CivicDataLab/zombie-tracker

Create a data mining plan for March/April, 2020

Opened this issue · 0 comments

Requirements: Fetch data for cases registered under 66A cases eCourts

Geographies

  1. Uttar Pradesh
  2. Telangana
  3. Rajasthan
  4. Maharashtra
  5. Assam
  6. Andhra Pradesh
  7. Jharkhand

Time Period: 01/01/2008 - 01/03/2020

Process

  • Identify a state for developing a methodology for case data collection
    • This will help us finalise the processes that includes mining, verification and data-validations and then scale this to other geographies
    • This will also help us come-up with better time estimates for the whole data collection exercise
    • We have selected Jharkhand as the pilot state for this purpose
  • Fetch all cases registered under The Information Technology Act, 2000.
    • This will ensure that we don't loose 66A cases that are incorrectly tagged
    • Collect patterns of the way IT act is recognised in all the district court establishments of a state
    • Collect only meta-data of cases available (without any PDF's - Orders/Judgements) from eCourts
    • A concern raised by IFF was we might miss on a few 66A cases that are not available directly under the IT act, but other acts and sections.

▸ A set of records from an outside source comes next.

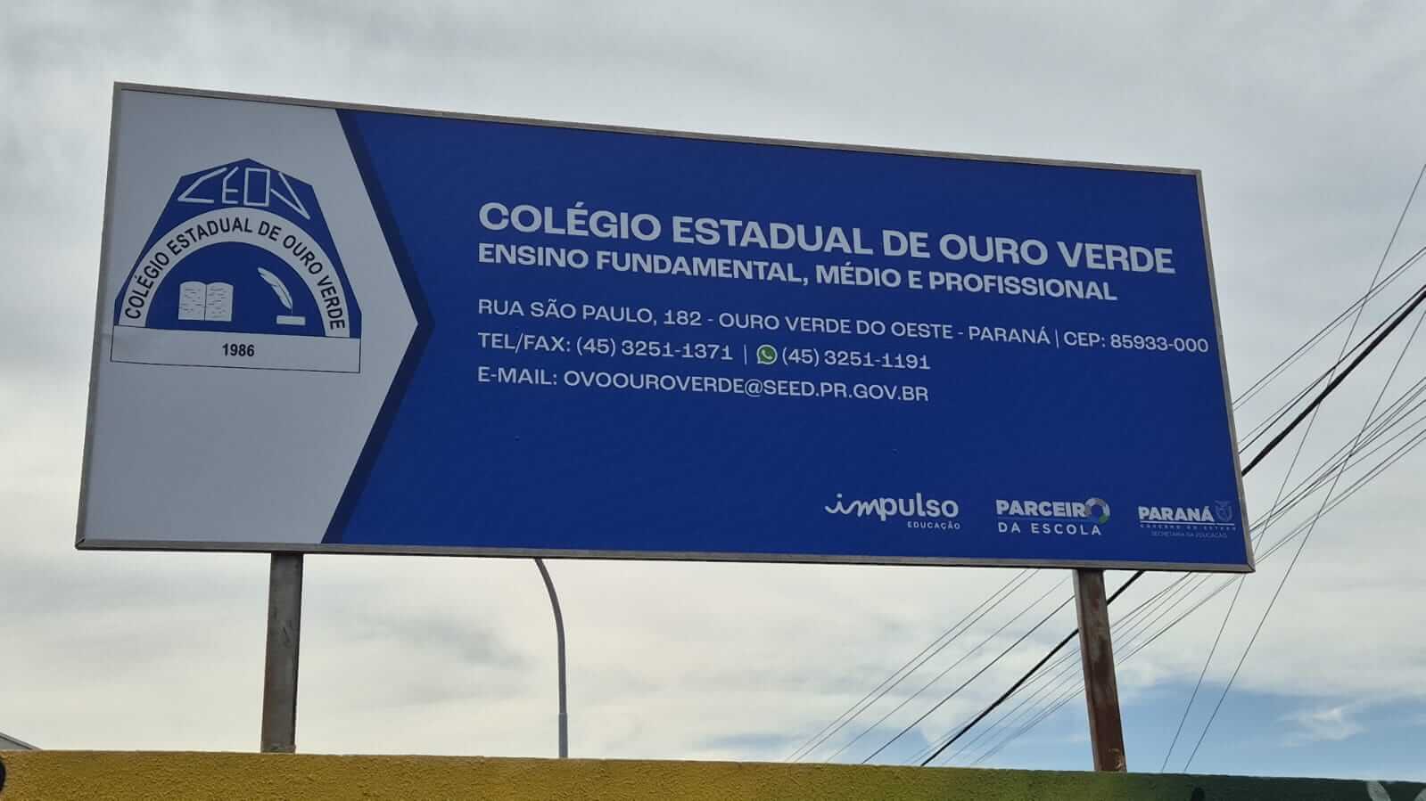 O Colégio Estadual Ouro Verde está de cara nova! Em maio de 2025, a escola recebeu uma moderna placa de fachada, alinhada à identidade visual do Impulso Educação. Essa iniciativa visa não apenas atualizar as informações e contatos da escola, mas também tornar o ambiente mais acolhedor e convidativo para alunos, professores e a comunidade. E tem mais: essa é apenas a primeira de muitas melhorias que o Impulso Educação está implementando em escolas por todo o Paraná. Até o final do ano, outras fachadas serão modernizadas, levando um novo padrão de qualidade visual para a rede estadual. Acreditamos que um ambiente escolar bem cuidado faz toda a diferença no aprendizado. Uma fachada renovada transmite uma mensagem de zelo e atenção, mostrando que a escola se importa com cada detalhe e facilita o acesso à informação. O Colégio Estadual Ouro Verde se torna um espaço ainda mais com um compromisso sólido em fornecer educação de qualidade. O objetivo principal é criar um ambiente mais inspirador e conectado com a comunidade. Queremos que todos se sintam orgulhosos de fazer parte do Colégio Estadual Ouro Verde. Fique por dentro das próximas novidades e acompanhe de perto a transformação que o Impulso Educação
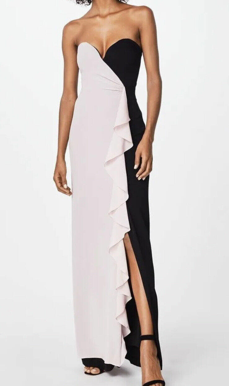 NWT Nicole Miller Artelier Womens PEACH/BLACK Strapless Ruffle Gown, Size 4 - Ufashion
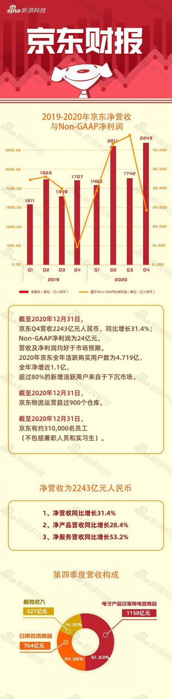 @新浪科技【京东第四季度净利润24亿元,同比增长200%】京东发布了截至12月31日的2020年第四季度及全年财报。第四季度,京东净营收为2243亿元人民币(约合344美元),同比增长31.4%。归属于普通股股东的净利润为243亿元(约合37亿美元),而上年同期净利润为人民币36亿元。基于非美国通用会计准则,归属于普通股股东的净利润为人民币24亿元(约合4亿美元),而上年同期净利润为人民币8亿元。整个2020年,京东净营收为7458亿元人民币(约合1143美元),较2019年增长29.3%。
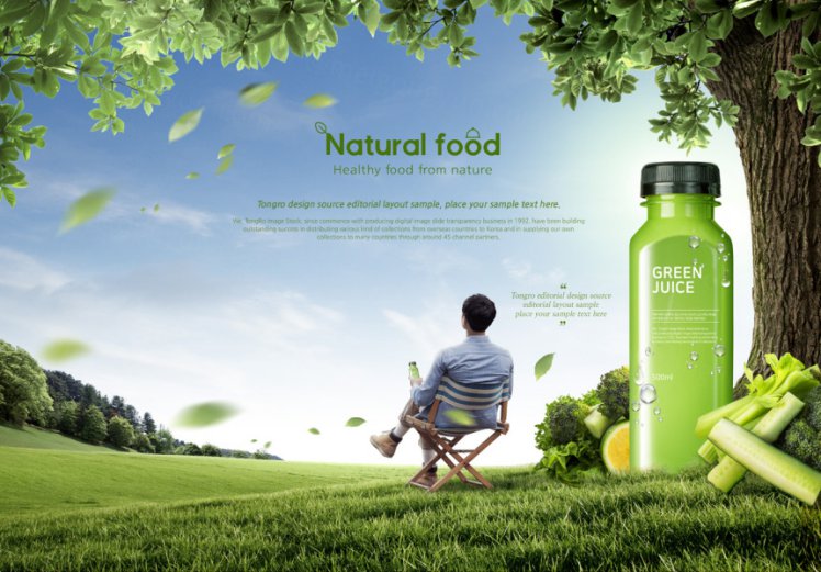图穷联素材库 » “大自然的馈赠”农场天然绿色蔬菜汁有机饮料包装宣传海报广告设计PSD模板
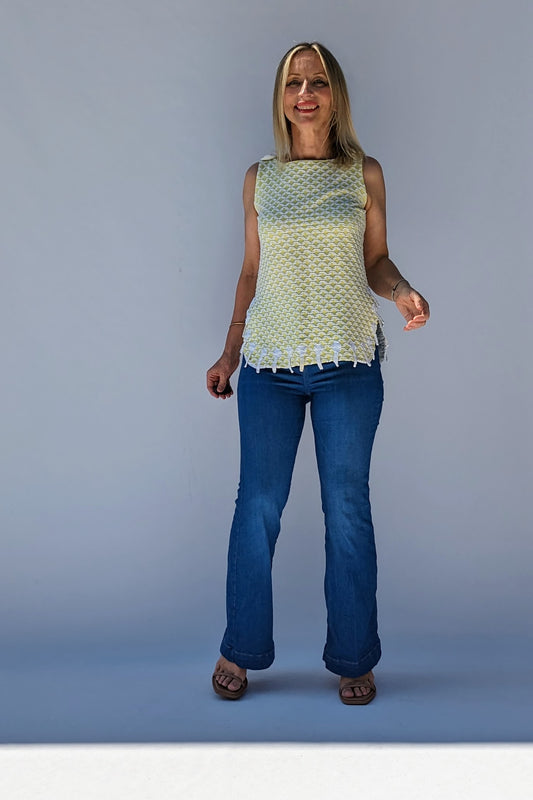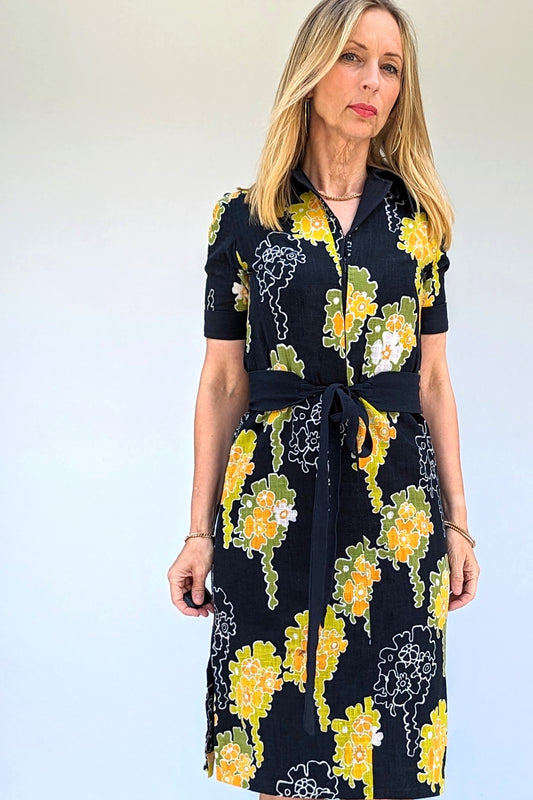 1960s Elinor Simmons for Malcolm Starr, Makoff Salt Lake City, Yellow Beaded Cocktail Dress
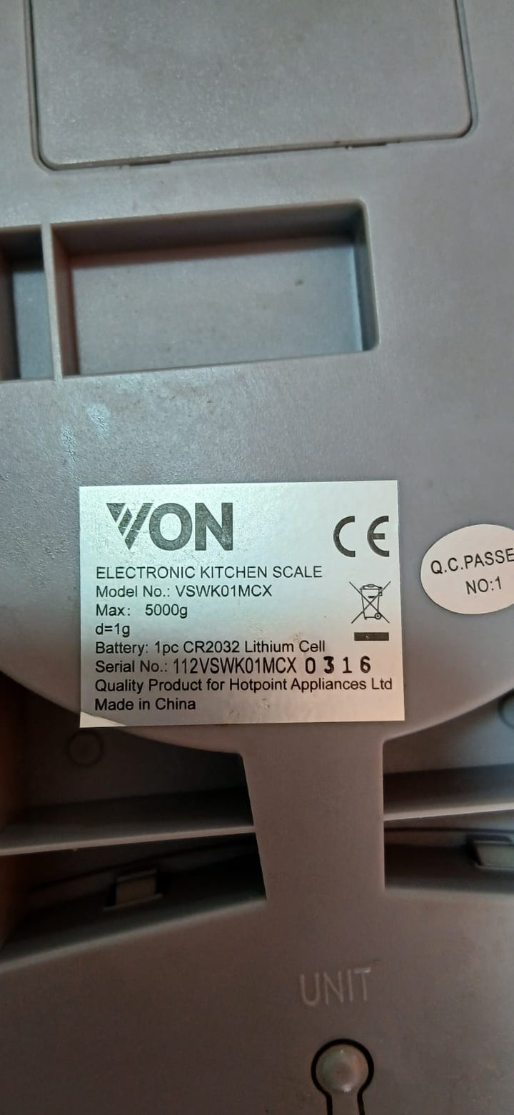 Von VSWK01MCX Kitchen Weighing Scale Pre-Loved
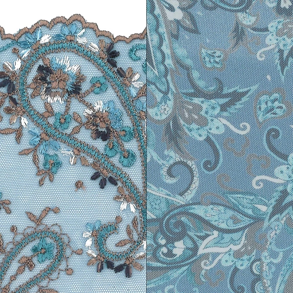 Autumn Blue ist ein zartes Blau mit schicker mehrfarbiger Stickerei.
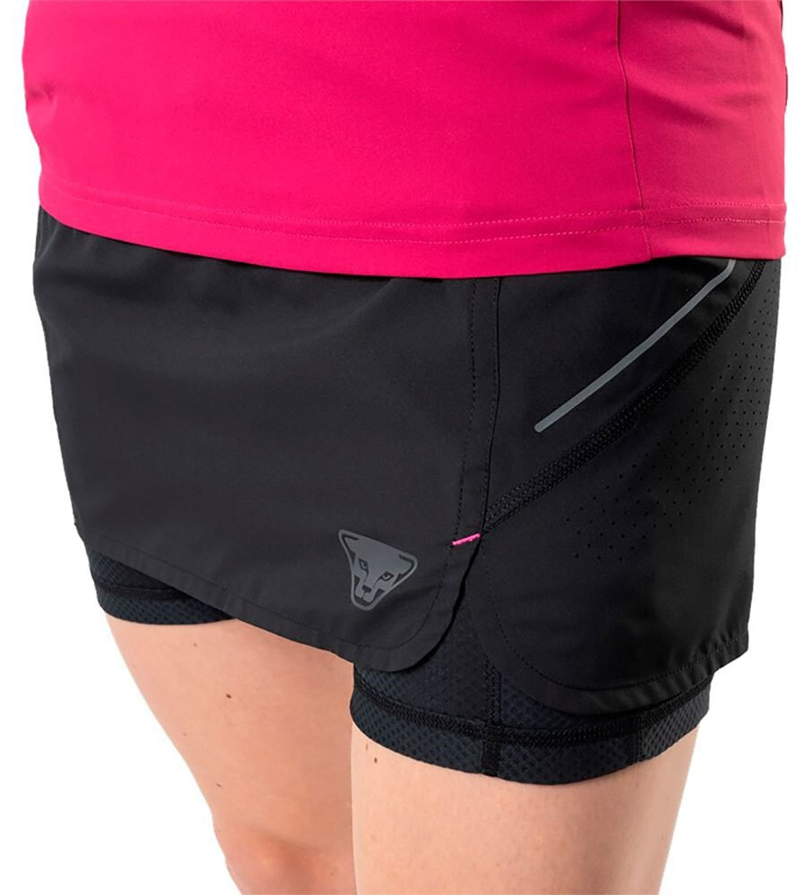 The Alpine Pro 2in1 Shorts for women consist of a snug mesh liner pant with a breezy skirt for comfort and a stylish look on trail runs.
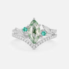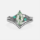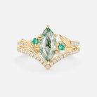 Moss Agate Marquise Leafy Vintage Engagement Ring Set - Aspen
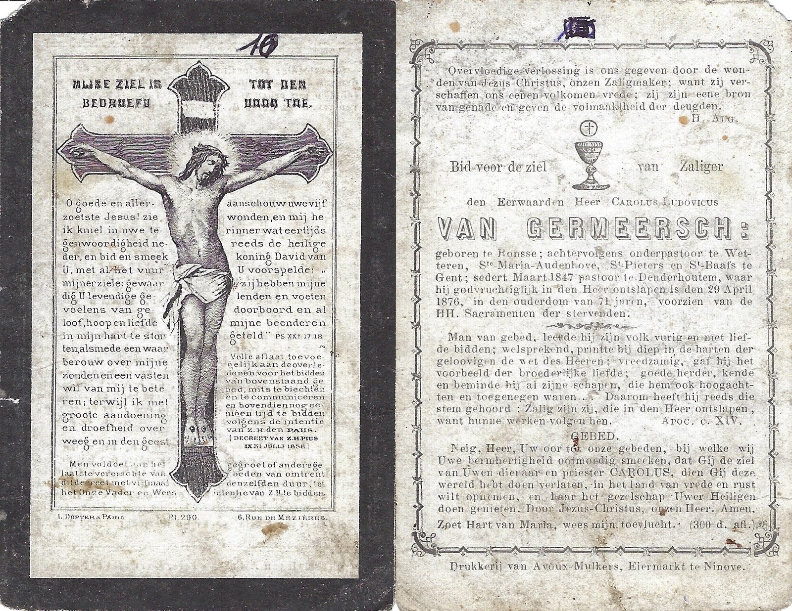 Van Germeersch Carolus, Pastoor DenderhoutemRonse1805Denderhoutem29/04/1876
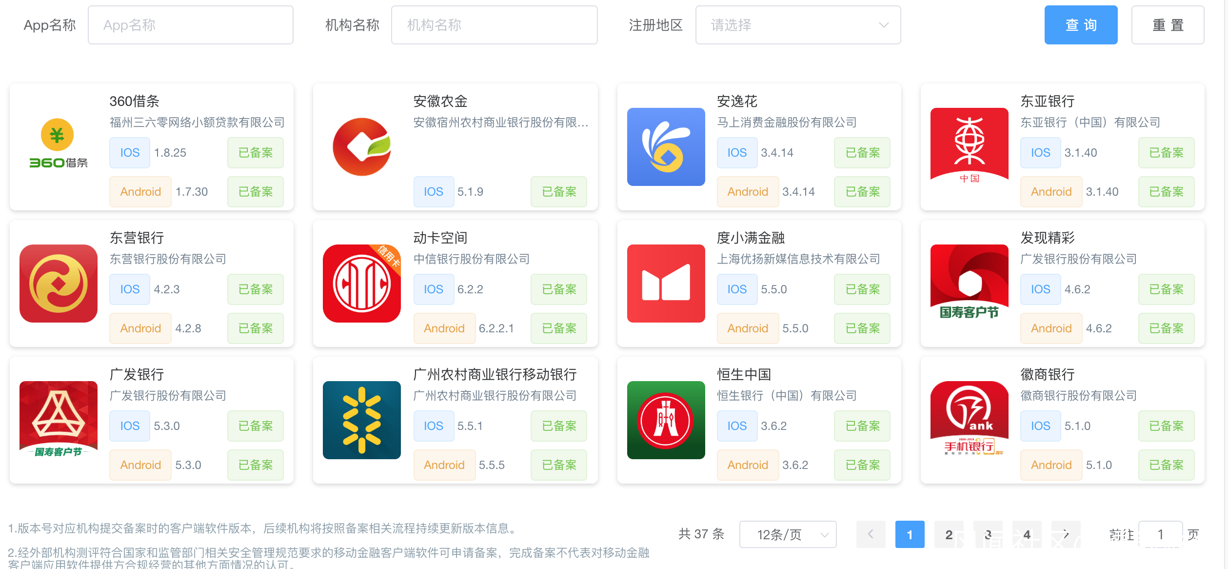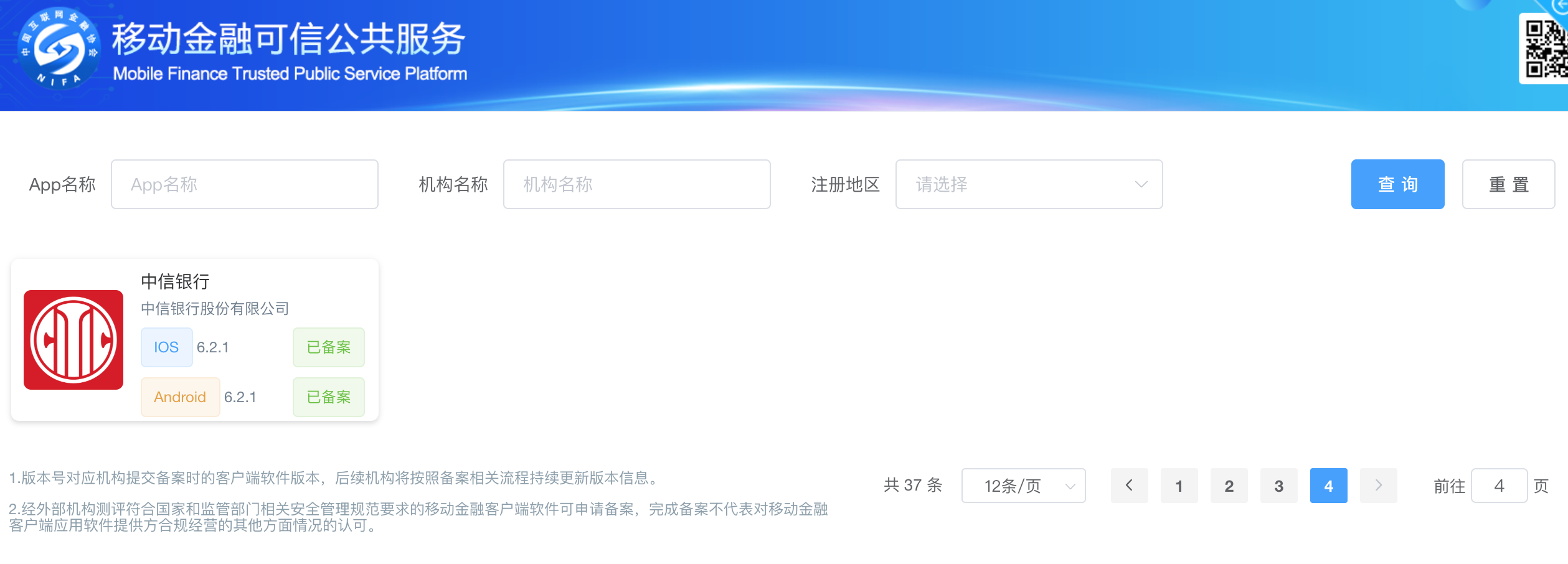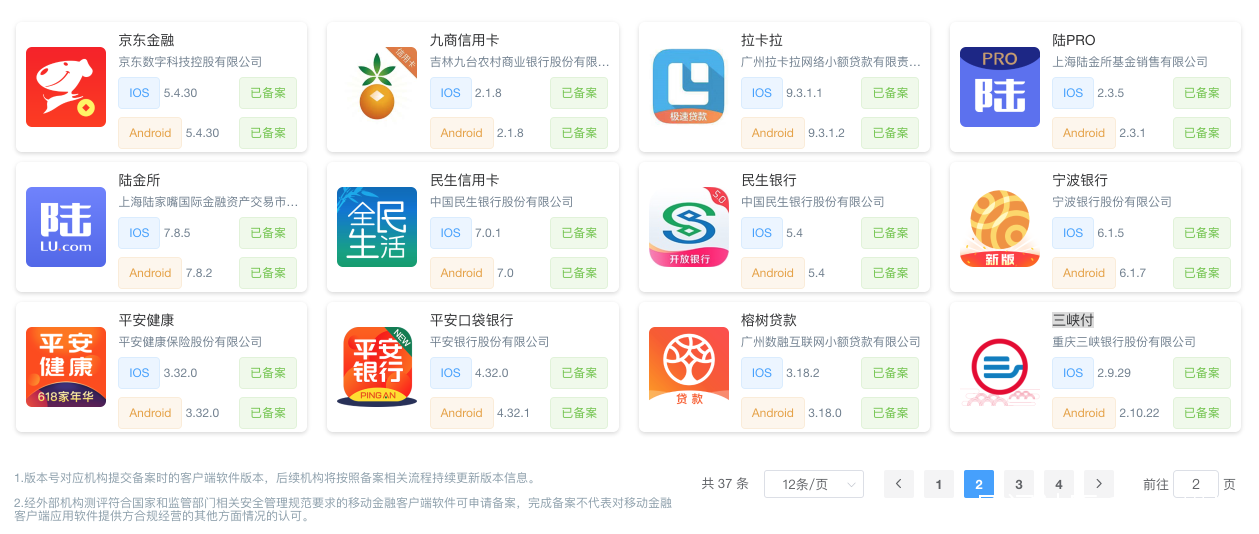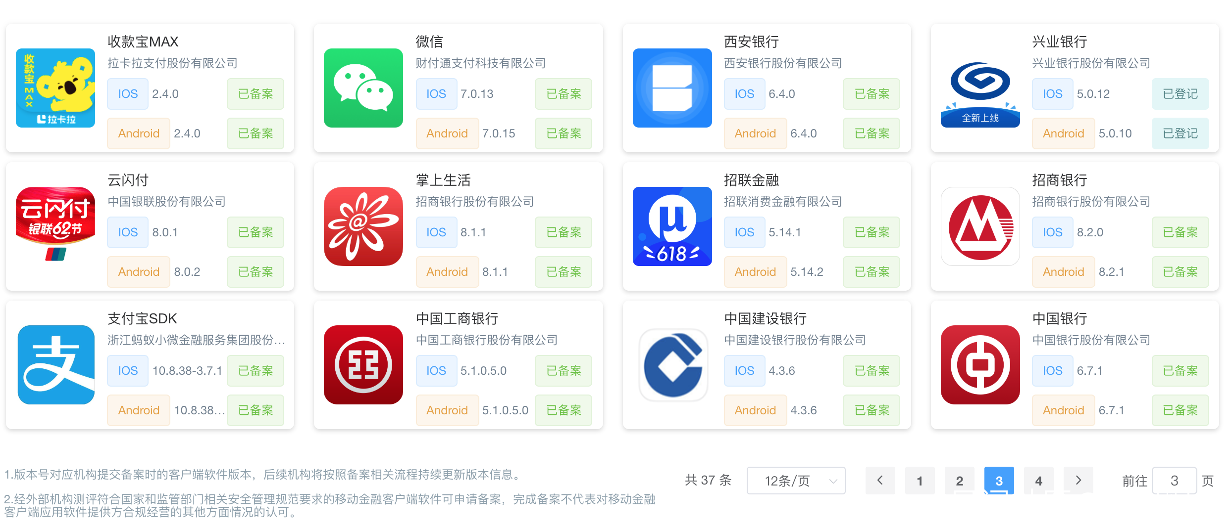頁面底部提示,版本號對應機構提交備案時的客户端軟件版本,後續機構將按照備案相關流程持續更新版本信息。經外部機構測評符合國家和監管部門相關安全管理規範要求的移動金融客户端軟件可申請備案,完成備案不代表對移動金融客户端應用軟件提供方合規經營的其他方面情況的認可。

IFF will do a preliminary analysis on this, before we include other acts in for fetching case records
  • Filter out 66A cases from this set of cases
    • This is more of a regular expression matching exercise, where we find patterns of 66A mentioned as part of the case
  • Setup a data-validation and verification pipeline to verify if the cases are correctly tagged as 66A
  • Model data as per the research requirements